_EXERCISE PROMPT_
In the material below, the line holding "A design that" and every line after it should be reproduced exactly, please, with pictures omitted.

_INFORMATION SHOWN_
::::::::
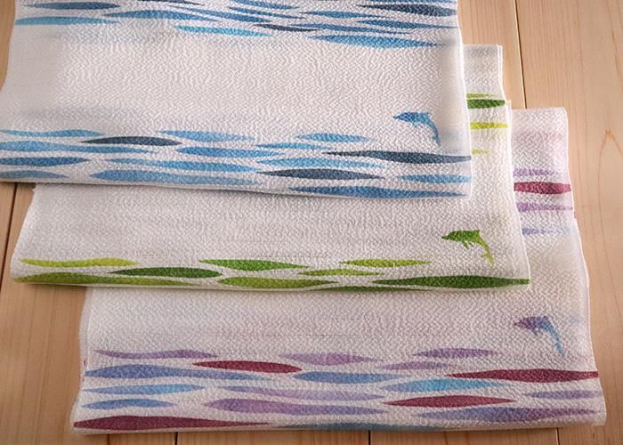 絽ちりめんに波のゆらぎとワンポイントにいるかを手染めした帯揚です。
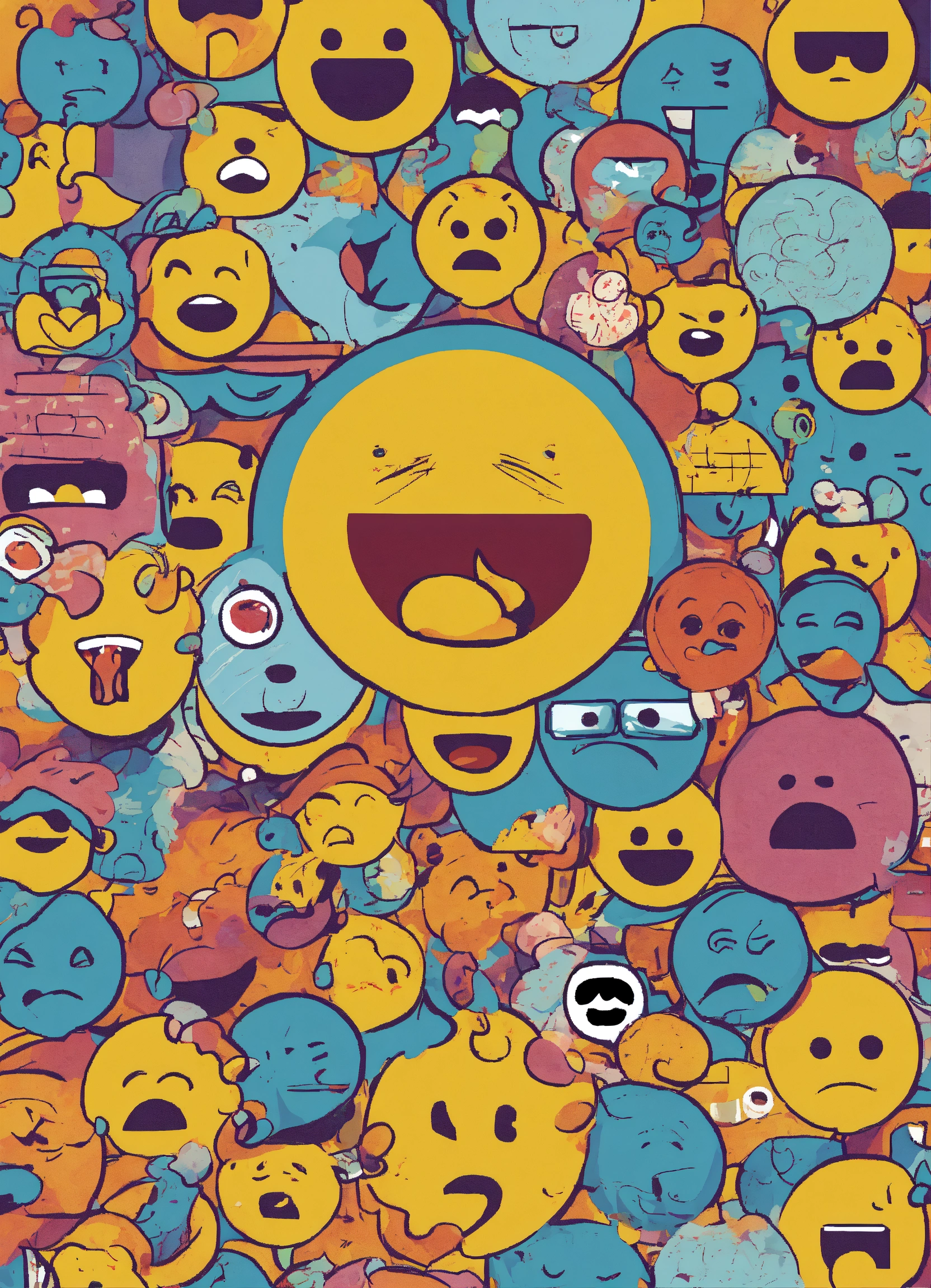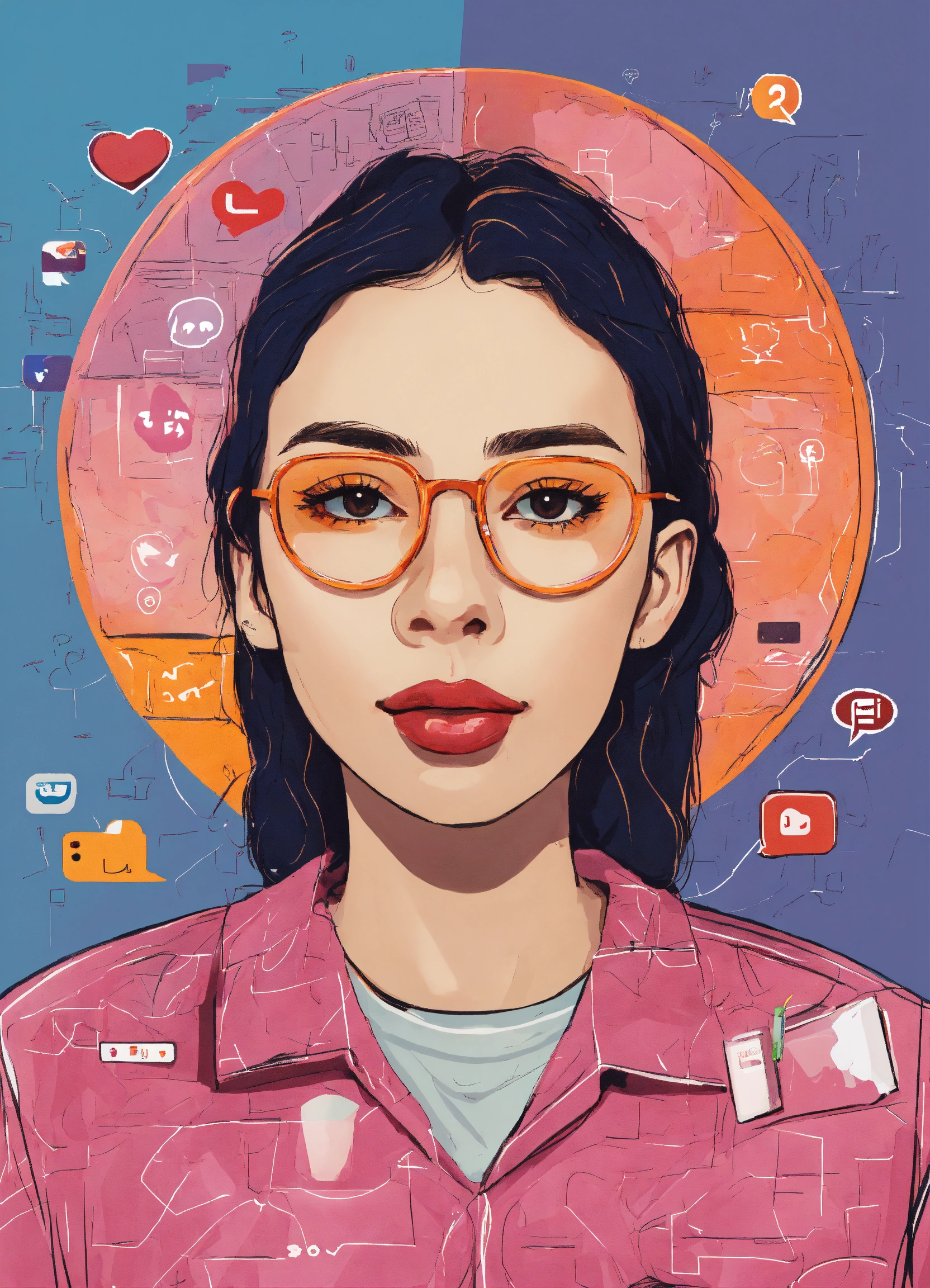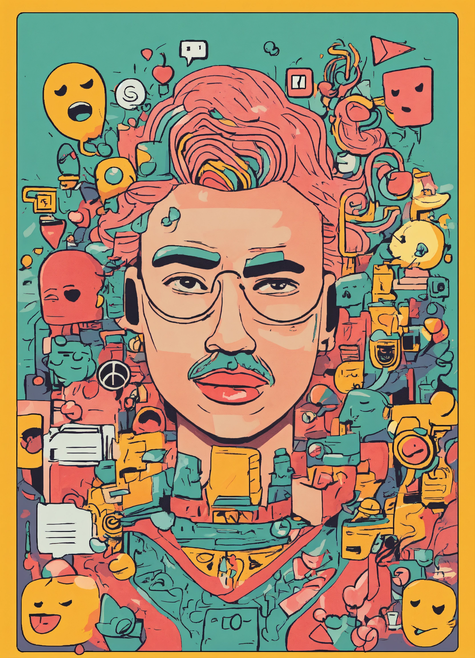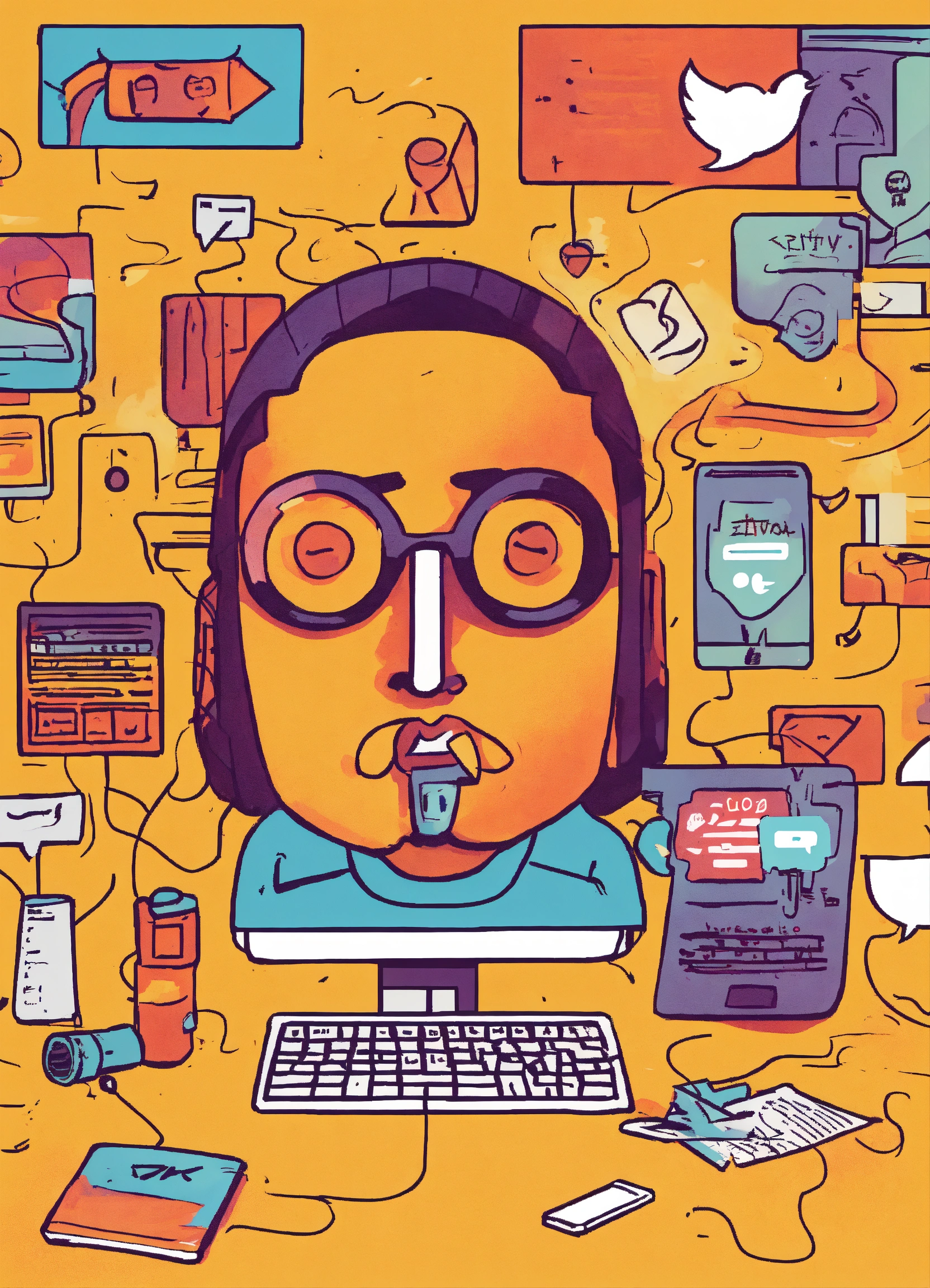 A design that represents a person following on social media and writing various comments, with sarcastic facial expressions.
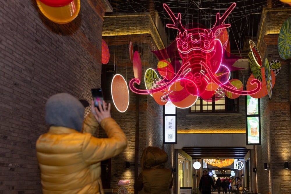 在上海市虹口區(qū)四川北路的“今潮8弄”,人們?cè)邶埬隉艄馑囆g(shù)裝置點(diǎn)綴的弄堂中拍照(2024年1月26日攝)。新華社記者 王翔 攝
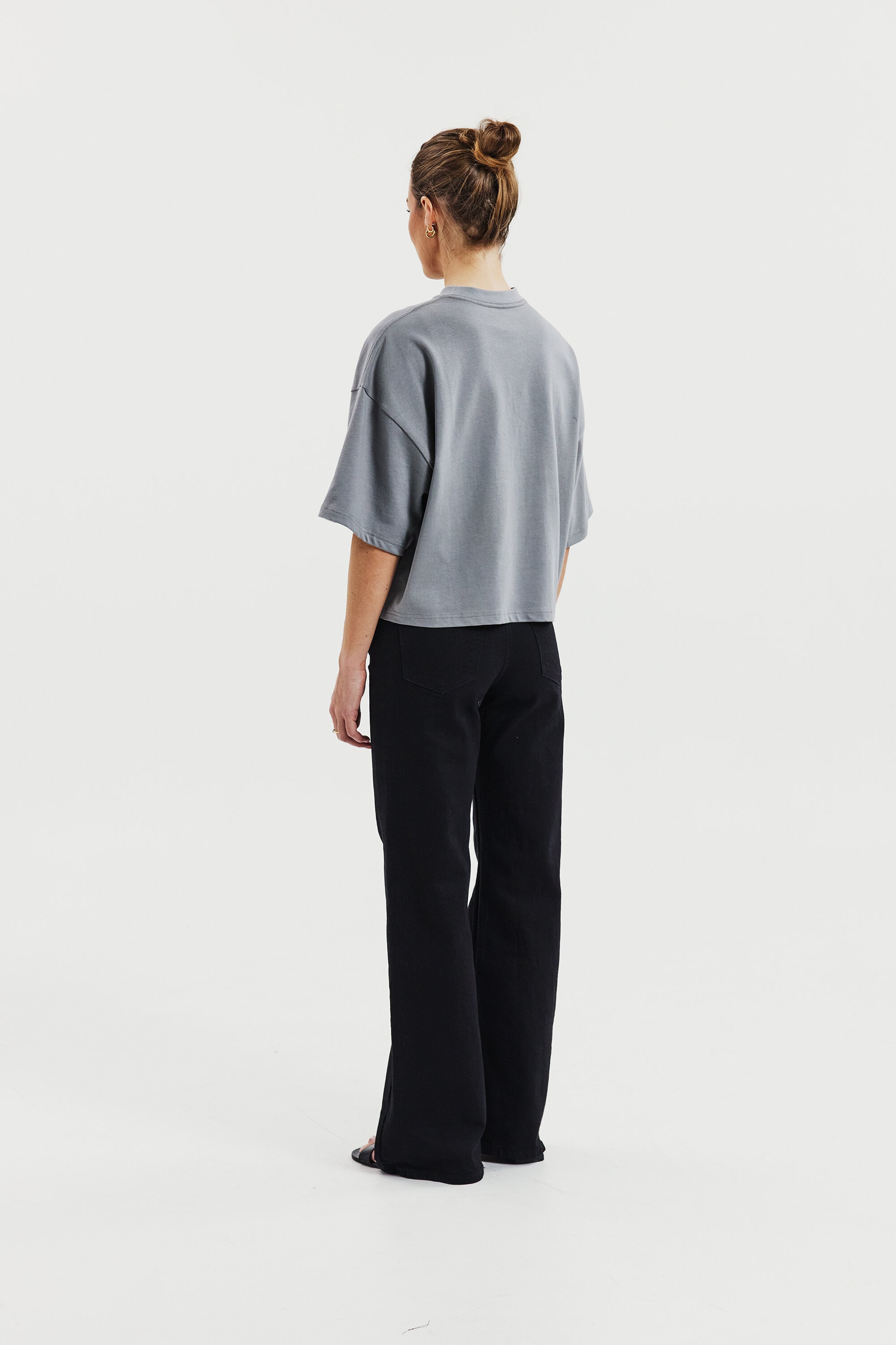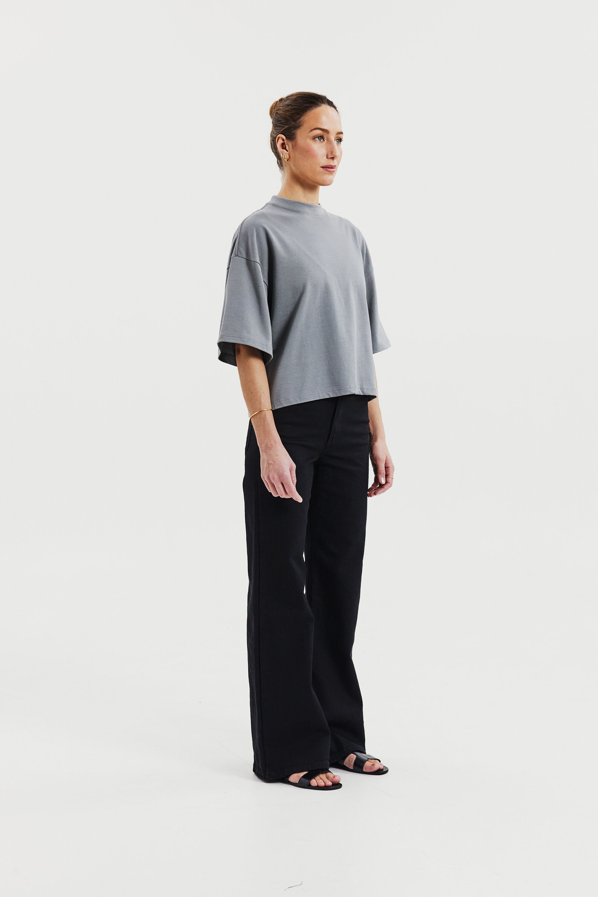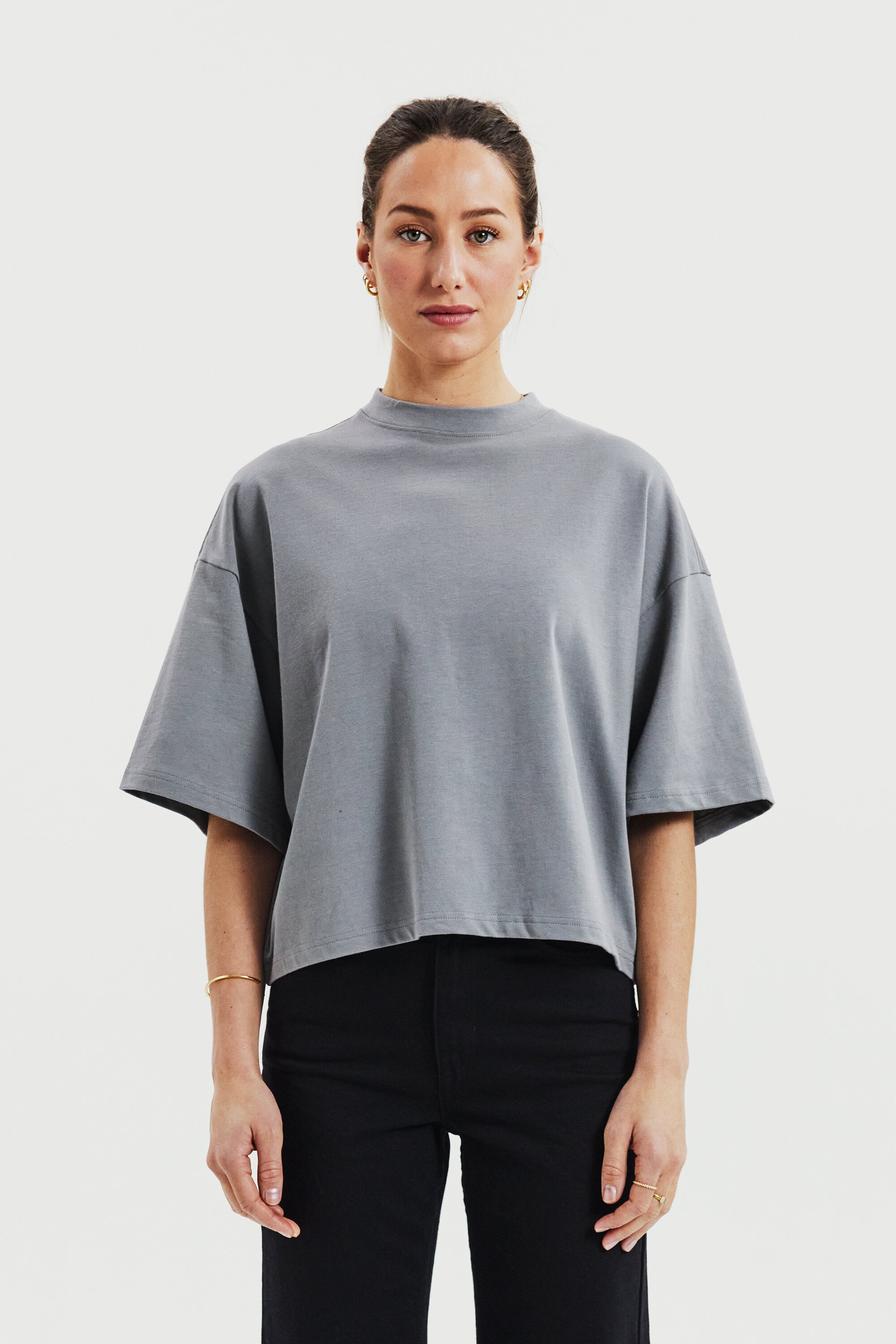 T-Shirt aus robustem 300 gsm Bio-Baumwollstoff gefertigt. Es verfügt über einen stabilen Halsausschnitt mit dekorativen Ziernähten und stilvollen Seitenschlitzen. Mit leicht verlängerten Ärmeln und breiteren Schultern erhält es einen subtilen Oversized-Look. Dieses Stück kommt besonders zur Geltung, wenn es solo getragen wird, und vermittelt eine mühelos coole Ästhetik.
::::::::
_ANSWER TO THIS EXERCISE_
 A design that represents a person following on social media and writing various comments, with sarcastic facial expressions.
 在上海市虹口區(qū)四川北路的“今潮8弄”,人們?cè)邶埬隉艄馑囆g(shù)裝置點(diǎn)綴的弄堂中拍照(2024年1月26日攝)。新華社記者 王翔 攝
 T-Shirt aus robustem 300 gsm Bio-Baumwollstoff gefertigt. Es verfügt über einen stabilen Halsausschnitt mit dekorativen Ziernähten und stilvollen Seitenschlitzen. Mit leicht verlängerten Ärmeln und breiteren Schultern erhält es einen subtilen Oversized-Look. Dieses Stück kommt besonders zur Geltung, wenn es solo getragen wird, und vermittelt eine mühelos coole Ästhetik.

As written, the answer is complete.